On Nov 25, 2012, at 23:54 , Stephen Kay <
email@hidden> wrote:
3.2 Period. I guess that would be 3.2.0. Is there something ambiguous about
that? It's the version that installs by default with my 10.6 installer disk.
No, that's not ambiguous. Generally you'd want to use the highest 3.2.x available, since the differences are mostly bug fixes, but there are occasional boundaries that are more significant. For example, do *not* go past 3.2.5 -- 3.2.6 was exactly the same as 3.2.5 but dropped support for something you really want. (Sorry, memory fails me, it's been a while now. It dropped an SDK, or PowerPC support, something major like that.) It's also possible that the default GCC changed at one or more of the minor versions.

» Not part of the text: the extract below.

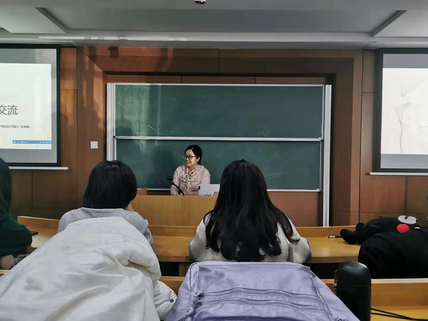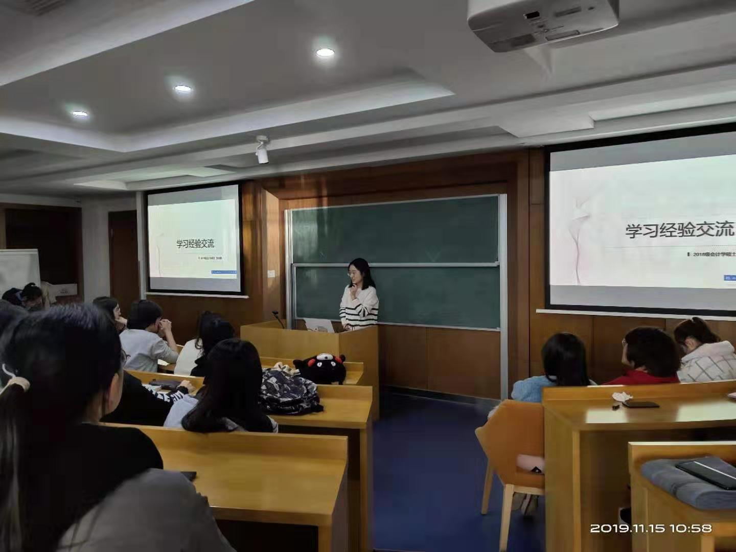 自我介绍后,梁老师表示自己听到同学们能够相处融洽、积极适应大学生活,感到非常欣慰。随后,梁老师邀请2018级会计学硕士在读的学姐为一班同学们分享了学习经验,学姐与同学们分享了学习方法、保研需要做的准备工作,以及对生活规划的一些建议,同时耐心地解答了同学们提出的问题。
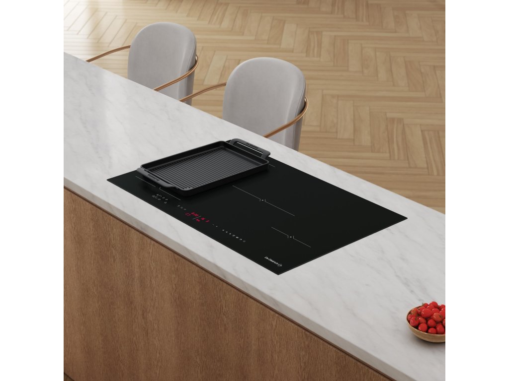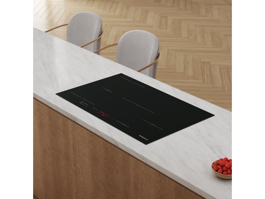 Indukční varná deska horiZone, 80 cm široká; Barevné provedení Infinite Black; Červený LED displej; Variabilní varnou plochu horiZone je možné použít celou, nebo ji rozdělit na 2 zóny; Automatická detekce velikosti a pozice nádoby s pamětí nastaveného výkonu a času; 15 stupňů nastavení výkonu; Funkce Boost a Časovač pro každou ze čtyř varných zón; Funkce: Boost, Automatic pan recognition (detekce nádoby), Recall (poslední nastavení), Switch (přemístění nádoby); 10 bezpečnostních prvků; Napájecí kabel je dodáván bez koncovky, délka 130 cm; Celkový příkon max. 7400 W; Rozměry pro vestavbu: 75 x 49,5 cm; Rozměry (VxŠxH): 6 x 80 x 51,5 cm.

This is not a hack, as far as I understand it. When I first tried to compile
the code, I was told with an error that " GCC 4.2 is not compatible with the
Mac OS X 10.4 SDK "
After researching this, I saw this thread:
http://stackoverflow.com/questions/1165361/setting-gcc-4-2-as-the-default-co
mpiler-on-mac-os-x-leopard
Well, the trouble is you can't trust anything you read on
stackoverflow.com. It's not so much a question of the information being wrong, it's more a case of TMI: you can't tell the difference between correct answers, formerly-correct-but-now-useless answers, and utter garbage.
While this talked about setting GCC 4.2 as the default compiler, for some
reason I had to go the opposite direction, and set GCC 4.0 as the default
compiler. I agree that /usr/bin was a misdirection from this thread. It only
worked after I modified /Developer/usr/bin.
That discussion was about command line compilation. It doesn't really apply to compilations done within Xcode. It happened to get you to the right compiler because the structure of the the tools inside /Developer is much the same as the structure in the normal Unix location.
If there is some other way to force my projects to use GCC 4.0, I could not
find it. But this seems to have worked.
IIRC (again I apologize that I don't remember for sure) you simply choose the desired GCC version in the build settings. The choice of compiler versions available to you depends on which Xcode version you're using.
In Xcode 4, it's in the Build Options section of the build settings, right above the debug info format, as it happens. I think it's just the same in the Xcode 3 build settings.